*** Block opens ***

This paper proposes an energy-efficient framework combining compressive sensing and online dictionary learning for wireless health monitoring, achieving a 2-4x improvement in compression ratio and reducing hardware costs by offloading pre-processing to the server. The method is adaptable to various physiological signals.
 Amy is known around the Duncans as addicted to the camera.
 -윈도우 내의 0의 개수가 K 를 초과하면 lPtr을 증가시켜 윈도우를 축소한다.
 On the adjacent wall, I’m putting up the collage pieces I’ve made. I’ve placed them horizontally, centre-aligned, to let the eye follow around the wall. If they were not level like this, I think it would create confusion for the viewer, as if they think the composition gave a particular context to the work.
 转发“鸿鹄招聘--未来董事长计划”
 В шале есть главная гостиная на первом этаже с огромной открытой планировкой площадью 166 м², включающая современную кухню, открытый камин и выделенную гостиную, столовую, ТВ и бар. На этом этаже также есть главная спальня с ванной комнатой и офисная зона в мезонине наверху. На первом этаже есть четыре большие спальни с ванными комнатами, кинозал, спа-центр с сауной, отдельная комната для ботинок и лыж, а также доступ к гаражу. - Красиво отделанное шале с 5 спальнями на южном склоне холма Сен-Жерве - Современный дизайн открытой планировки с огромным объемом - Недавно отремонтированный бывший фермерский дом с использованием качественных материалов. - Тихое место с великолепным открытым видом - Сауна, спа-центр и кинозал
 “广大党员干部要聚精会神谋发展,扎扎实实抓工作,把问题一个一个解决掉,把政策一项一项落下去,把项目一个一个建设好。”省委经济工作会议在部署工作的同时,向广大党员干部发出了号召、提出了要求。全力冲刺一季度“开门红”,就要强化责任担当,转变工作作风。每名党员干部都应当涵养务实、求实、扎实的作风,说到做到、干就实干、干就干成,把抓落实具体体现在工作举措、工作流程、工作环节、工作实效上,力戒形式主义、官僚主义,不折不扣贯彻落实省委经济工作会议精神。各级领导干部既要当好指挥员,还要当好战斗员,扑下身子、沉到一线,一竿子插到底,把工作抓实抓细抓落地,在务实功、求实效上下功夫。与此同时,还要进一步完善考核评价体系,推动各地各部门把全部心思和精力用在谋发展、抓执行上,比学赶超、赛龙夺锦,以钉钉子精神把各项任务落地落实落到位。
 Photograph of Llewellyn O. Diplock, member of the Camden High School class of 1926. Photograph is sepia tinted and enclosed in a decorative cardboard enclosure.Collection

*** Block closes ***
*** Block opens ***

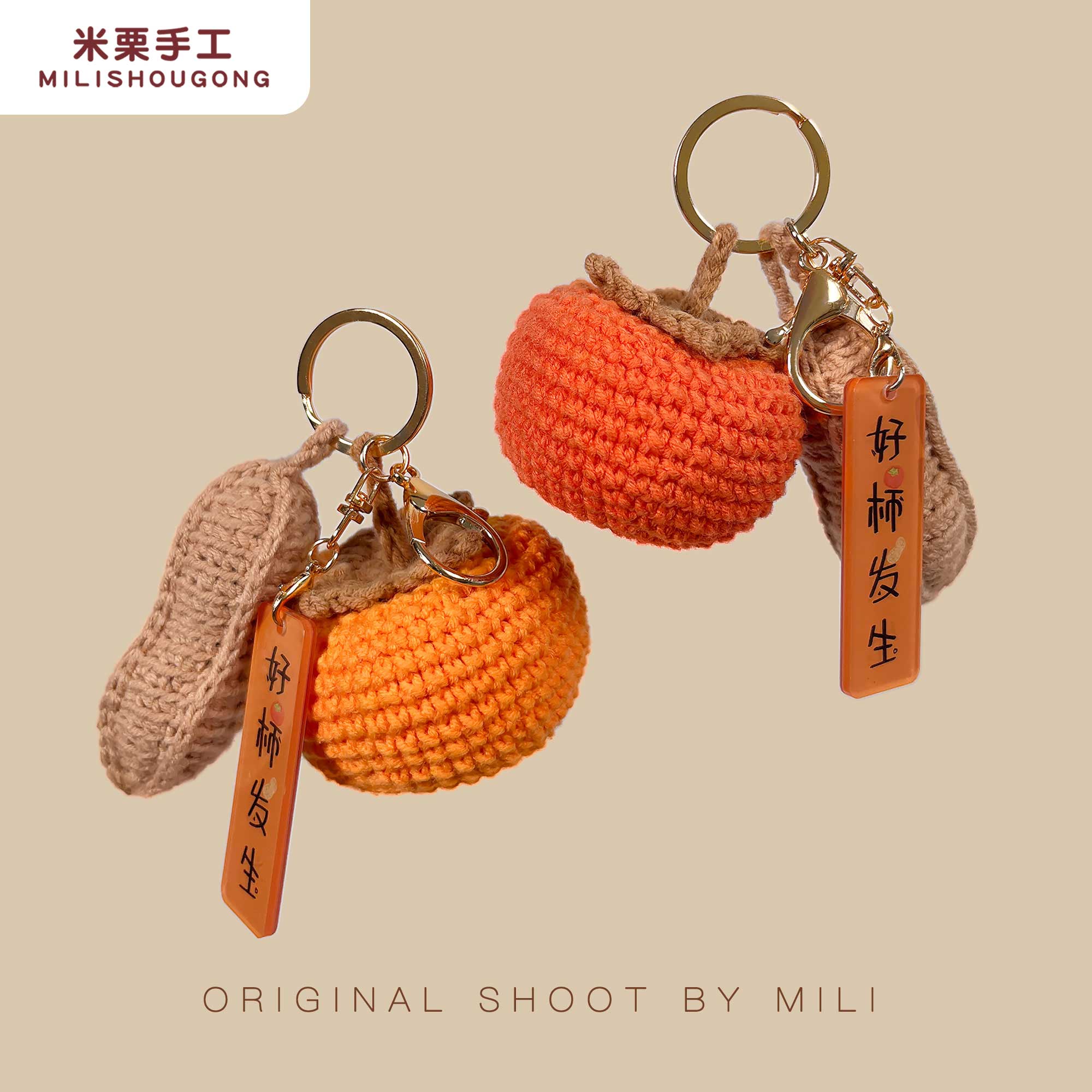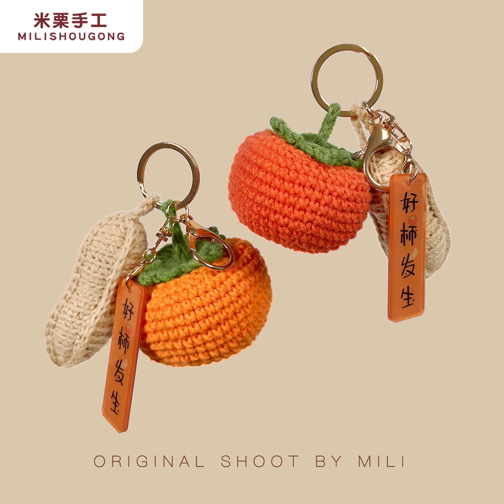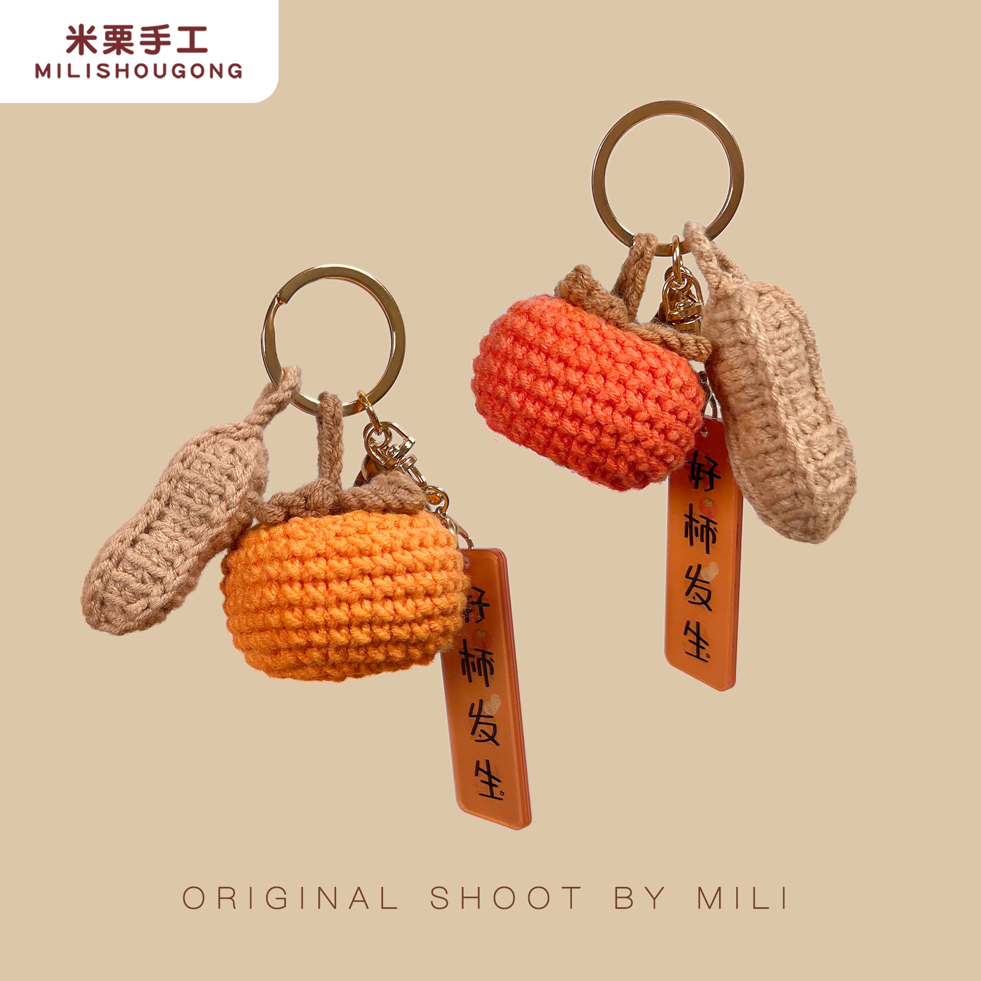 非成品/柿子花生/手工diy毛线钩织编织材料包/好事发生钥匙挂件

*** Block closes ***
*** Block opens ***

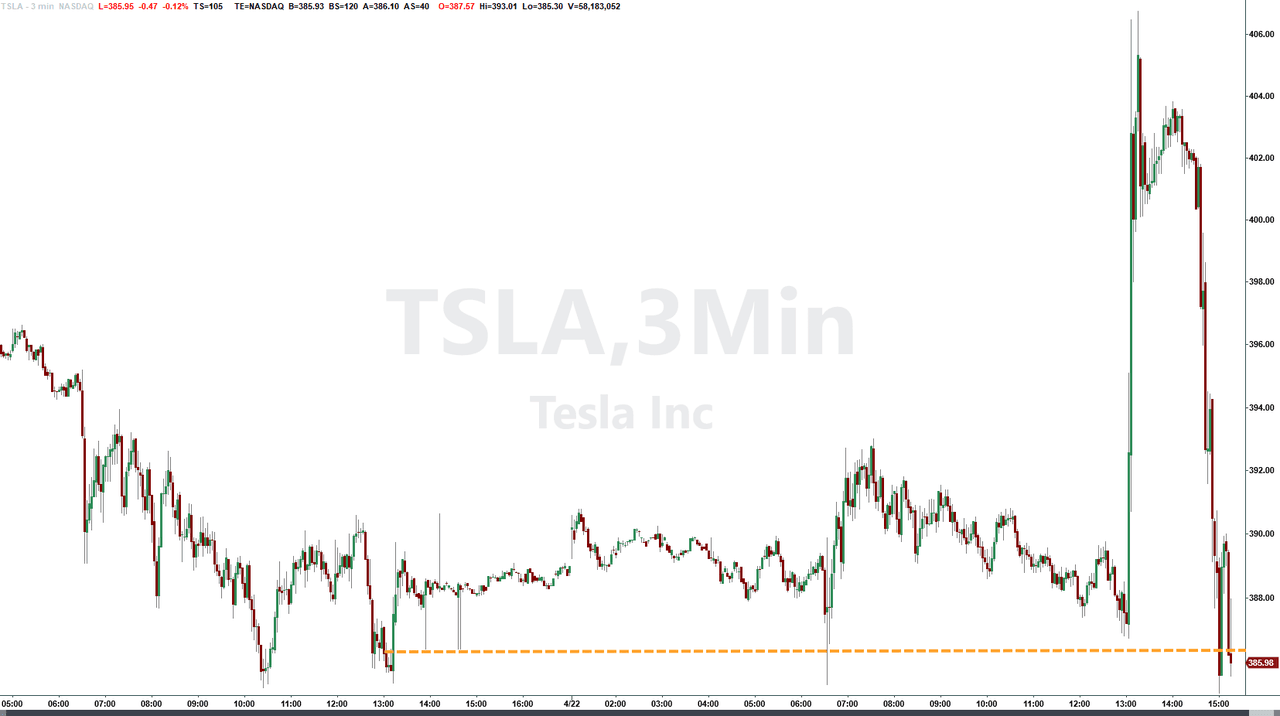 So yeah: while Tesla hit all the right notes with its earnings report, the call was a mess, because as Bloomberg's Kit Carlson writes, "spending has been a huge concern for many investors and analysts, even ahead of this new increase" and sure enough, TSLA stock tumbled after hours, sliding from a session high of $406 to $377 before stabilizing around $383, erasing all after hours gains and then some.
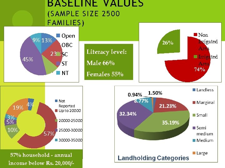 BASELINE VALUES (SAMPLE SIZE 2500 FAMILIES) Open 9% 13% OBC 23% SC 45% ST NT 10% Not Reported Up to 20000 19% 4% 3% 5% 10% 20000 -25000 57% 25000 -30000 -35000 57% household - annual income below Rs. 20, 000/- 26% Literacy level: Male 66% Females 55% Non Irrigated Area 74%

*** Block closes ***

Beginning at the line above that contains "So yeah: while" and going on through the line that contains "BASELINE VALUES (SAMPLE", please copy every line exactly, leaving the pictures out and adding nothing.

#### Result:
 So yeah: while Tesla hit all the right notes with its earnings report, the call was a mess, because as Bloomberg's Kit Carlson writes, "spending has been a huge concern for many investors and analysts, even ahead of this new increase" and sure enough, TSLA stock tumbled after hours, sliding from a session high of $406 to $377 before stabilizing around $383, erasing all after hours gains and then some.
 BASELINE VALUES (SAMPLE SIZE 2500 FAMILIES) Open 9% 13% OBC 23% SC 45% ST NT 10% Not Reported Up to 20000 19% 4% 3% 5% 10% 20000 -25000 57% 25000 -30000 -35000 57% household - annual income below Rs. 20, 000/- 26% Literacy level: Male 66% Females 55% Non Irrigated Area 74%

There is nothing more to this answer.